#### GIVEN DATA ####

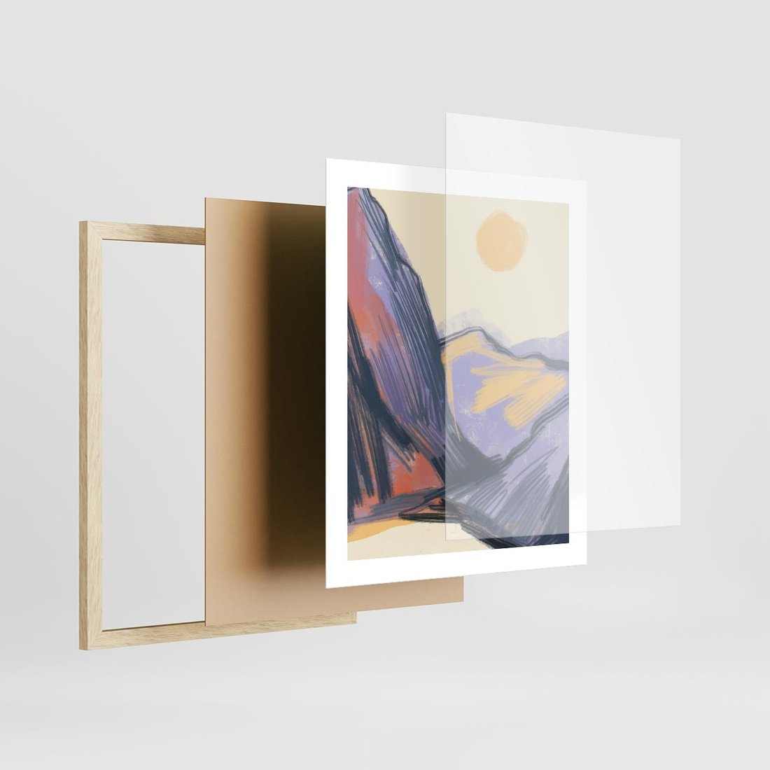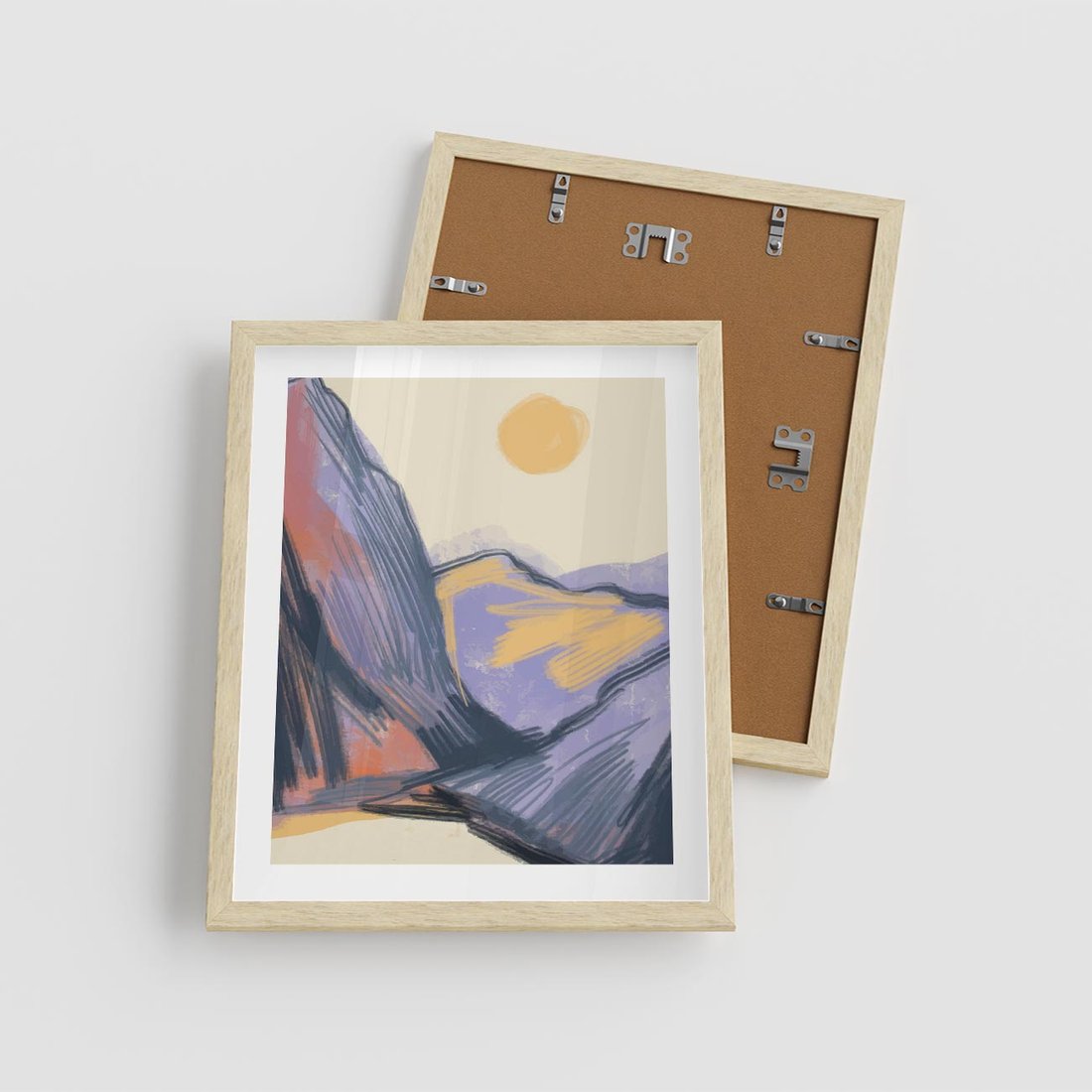Ten nowoczesny plakat przedstawia pastelowy krajobraz z górskimi szczytami i malowniczym zachodem słońca. To dzieło sztuki wnosi do Twojej przestrzeni spokój, piękno przyrody i chwilę zachwytu. Pastelowe odcienie nadają mu delikatności, a jednocześnie pozostają w duchu nowoczesnego designu. Idealny wybór dla miłośników przyrody i spokojnych pejzaży.
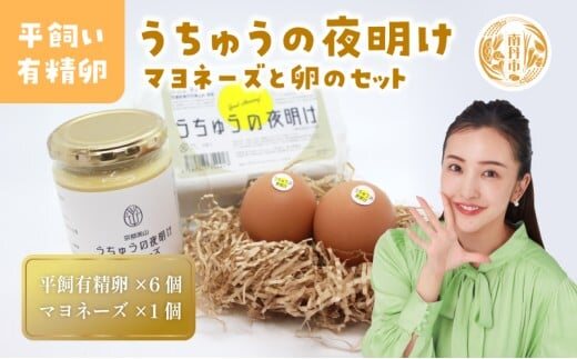 [№5334-0461]うちゅうの夜明け 平飼い有精卵 6個 マヨネーズセット 卵 たまご 濃厚 調味料 マヨネーズ 有精卵 米酢使用 京都府 南丹市 【※3月15日以降出荷】
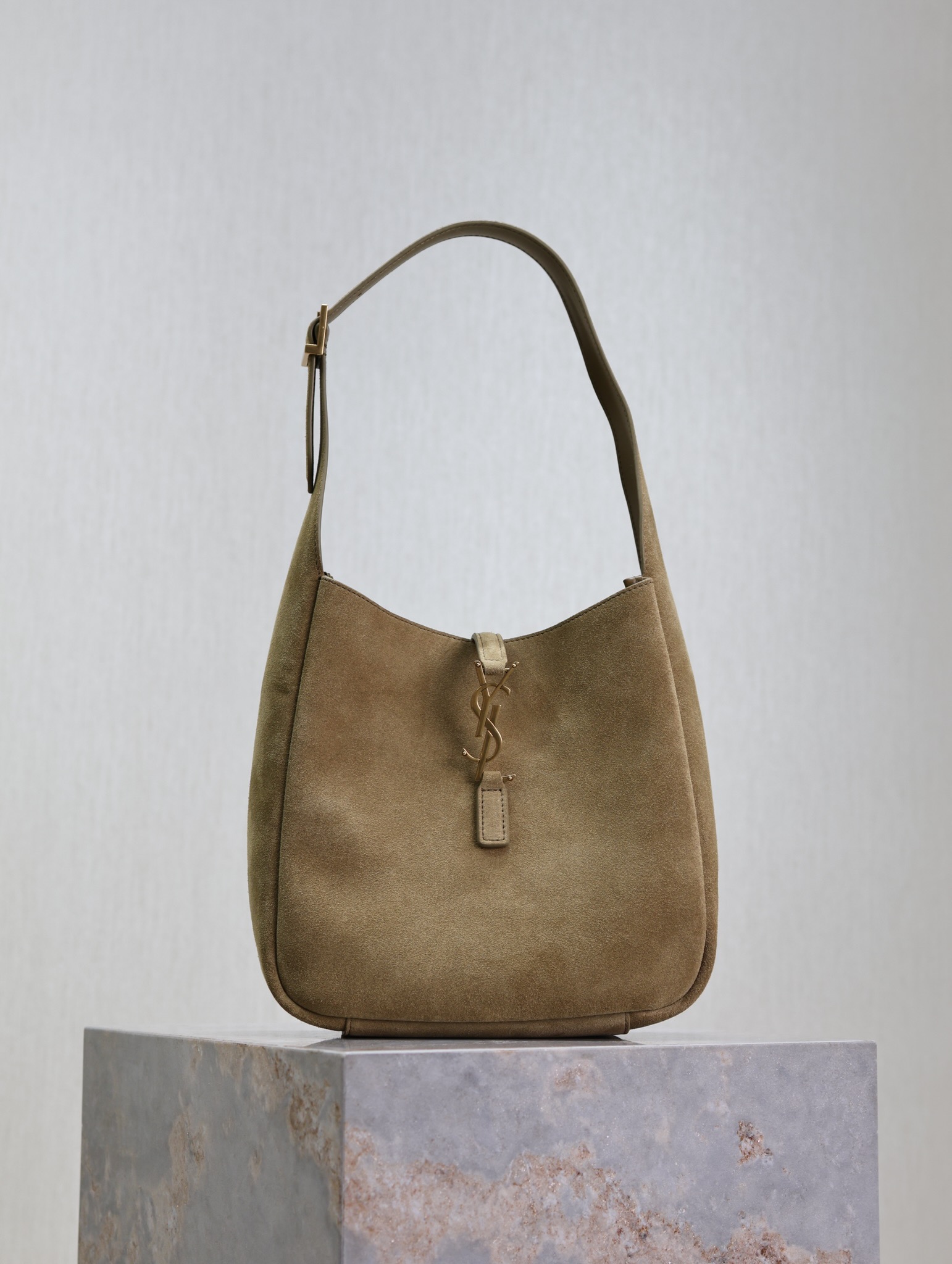 This is an replica SAINT LAURENT small version of the iconic 5 À 7 in suede leather.,

####

- WHAT YOU HAVE TO DO: Reproduce, exactly and without pictures, the lines above from the one containing "[№5334-0461]うちゅうの夜明け 平飼い有精卵 6個" through the last line of the material, both ends included, and nothing more.

- TASK ANSWER:
 [№5334-0461]うちゅうの夜明け 平飼い有精卵 6個 マヨネーズセット 卵 たまご 濃厚 調味料 マヨネーズ 有精卵 米酢使用 京都府 南丹市 【※3月15日以降出荷】
 This is an replica SAINT LAURENT small version of the iconic 5 À 7 in suede leather.,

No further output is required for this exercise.